# Hair length?



## bhmelzer25 (8 mo ago)

Hi everyone!

I recently got a Havanese puppy, she's 6 months and her name is Peaches. I'm unfamiliar with her breed so I was wondering what is the best hair length for her breed? 
I took her to a groomer for a trim but they took her hair down very short. Is this bad for temperature regulation? Appreciate any responses!


----------



## krandall (Jun 11, 2009)

It’s really completely up to you. Some people keep them in full coat, some people like fluffy puppy cuts,others prefer shorter cuts. Yours is about as short as I would go. You don’t want exposed skin.

You can see mine in my signature photo. I keep two in full coat and two in sort of fluffy puppy cuts.


----------



## Johanna (11 mo ago)

As Karen said, it's up to you. And really up to what you want and are willing to do with grooming on your end. I keep my adult girl in a puppy cut with a fluffier coat and her face is longer. I comb her face and legs daily and her body a couple of times a week to keep her free of tangles. I'm still trying to figure out what to do with my puppy as his coat grows out. I know he won't be in a full coat as he gets older but I won't keep him really short either. He has a totally different type of hair so we're waiting to see what happens as his hair grows out and the adult coat develops. 
Temperature regulation isn't a problem as long the dog is properly groomed regardless of coat length. If they are shaved too short and the skin is exposed then you have to watch for sunburn in the warmer months and they'll get colder in the cooler months. If they have a long coat that isn't properly combed then they can retain heat in warmer weather and it's just uncomfortable all the way around.


----------



## bhmelzer25 (8 mo ago)

Johanna said:


> As Karen said, it's up to you. And really up to what you want and are willing to do with grooming on your end. I keep my adult girl in a puppy cut with a fluffier coat and her face is longer. I comb her face and legs daily and her body a couple of times a week to keep her free of tangles. I'm still trying to figure out what to do with my puppy as his coat grows out. I know he won't be in a full coat as he gets older but I won't keep him really short either. He has a totally different type of hair so we're waiting to see what happens as his hair grows out and the adult coat develops.
> Temperature regulation isn't a problem as long the dog is properly groomed regardless of coat length. If they are shaved too short and the skin is exposed then you have to watch for sunburn in the warmer months and they'll get colder in the cooler months. If they have a long coat that isn't properly combed then they can retain heat in warmer weather and it's just uncomfortable all the way around.

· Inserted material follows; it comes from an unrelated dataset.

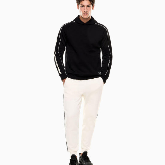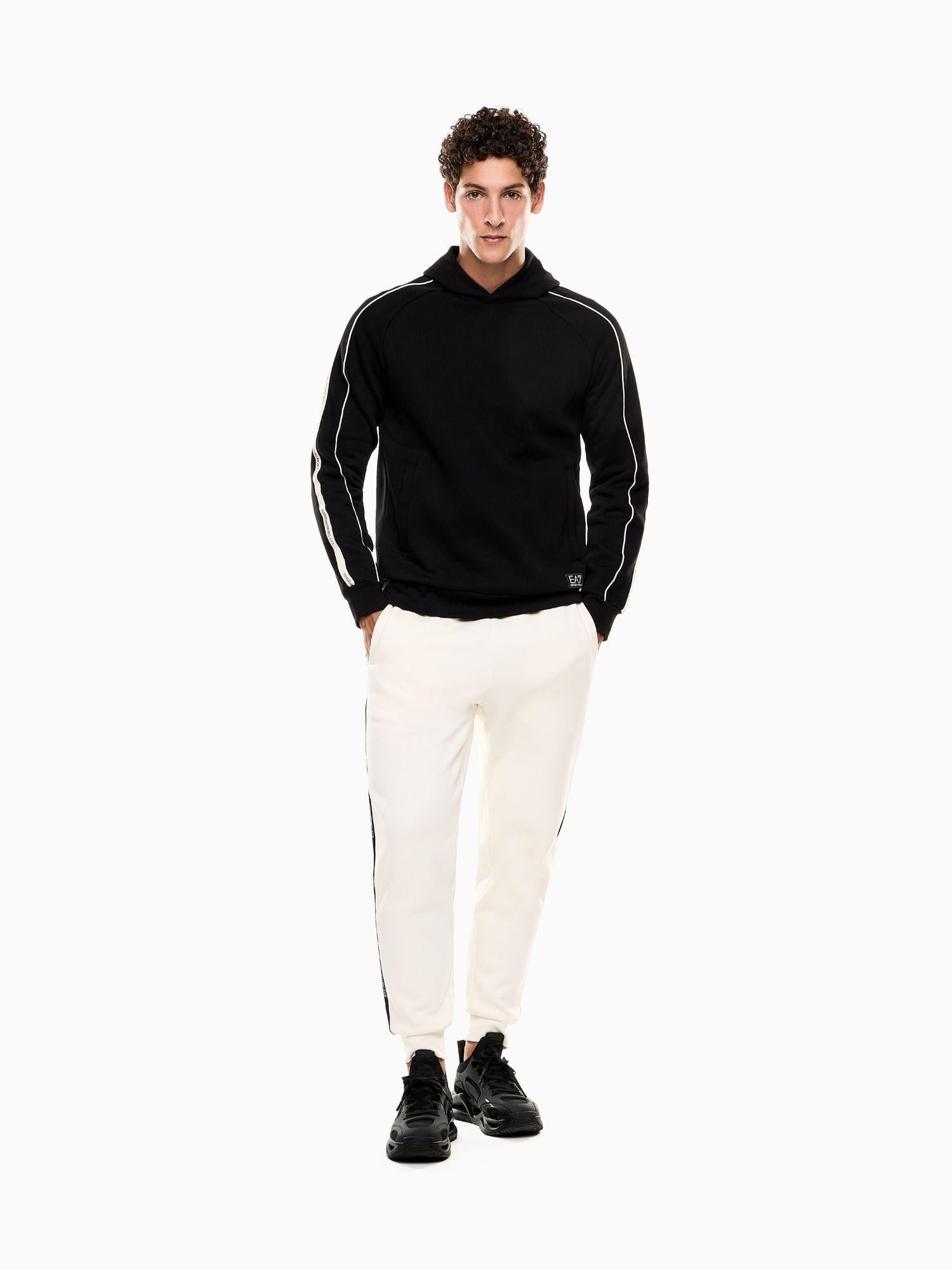 Felpa con cappuccio realizzata in morbido misto cotone, caratterizzata da una vestibilità regular che unisce comfort e stile. Il design è impreziosito dal dettaglio con logo tape sulle spalle e dal logo EA7 a contrasto sul petto, elementi iconici della linea Logo Series. Dotata di pratiche tasche laterali, questa felpa è perfetta per completare look sportivi o per i momenti di relax. Tessuto: 85% cotone, 15% poliestere. Dettagli in maglia: 96% cotone, 4% elastan. Fettuccia: 100% cotone. Fodera cappuccio: 100% cotone. Vestibilità regular. Cappuccio. Due tasche oblique. Logo EA7 a contrasto. Dettaglio logo tape sulle spalle.

Thanks so much Johanna, that was exactly what I was thinking. Thanks for sharing that information with me. Peaches is so adorable with short or long, but I want her to be conformable, so that's why I got her a summer cut. I was just nervous it was to short. Have a wonderful day.


----------



## mudpuppymama (Mar 24, 2012)

I think Havanese can look cute short or long. I have had Mia in many coat lengths. She has silky thick hair which is easy to manage, however the longer hair is a bit more work. And the main thing I don’t like about it is how long it takes to dry. I recently cut her short again because I live in a heavily infested tick area and found that I was missing some ticks with her super thick long hair. It is also very rainy and humid right now and her long leg hair was acting like mops. She would be totally sopped when she came in. In addition, we have foxtails and other awns here. My yorkie had one of those recently. These are more easily prevented and found with shorter hair. Anyway, there are many things to consider when choosing the best length for your dog. And it does not hurt to change things up once in awhile. Mia’s hair grows very fast. I may grow her out again during the seasons where it is dry and there are less ticks.


----------



## krandall (Jun 11, 2009)

bhmelzer25 said:


> Thanks so much Johanna, that was exactly what I was thinking. Thanks for sharing that information with me. Peaches is so adorable with short or long, but I want her to be conformable, so that's why I got her a summer cut. I was just nervous it was to short. Have a wonderful day.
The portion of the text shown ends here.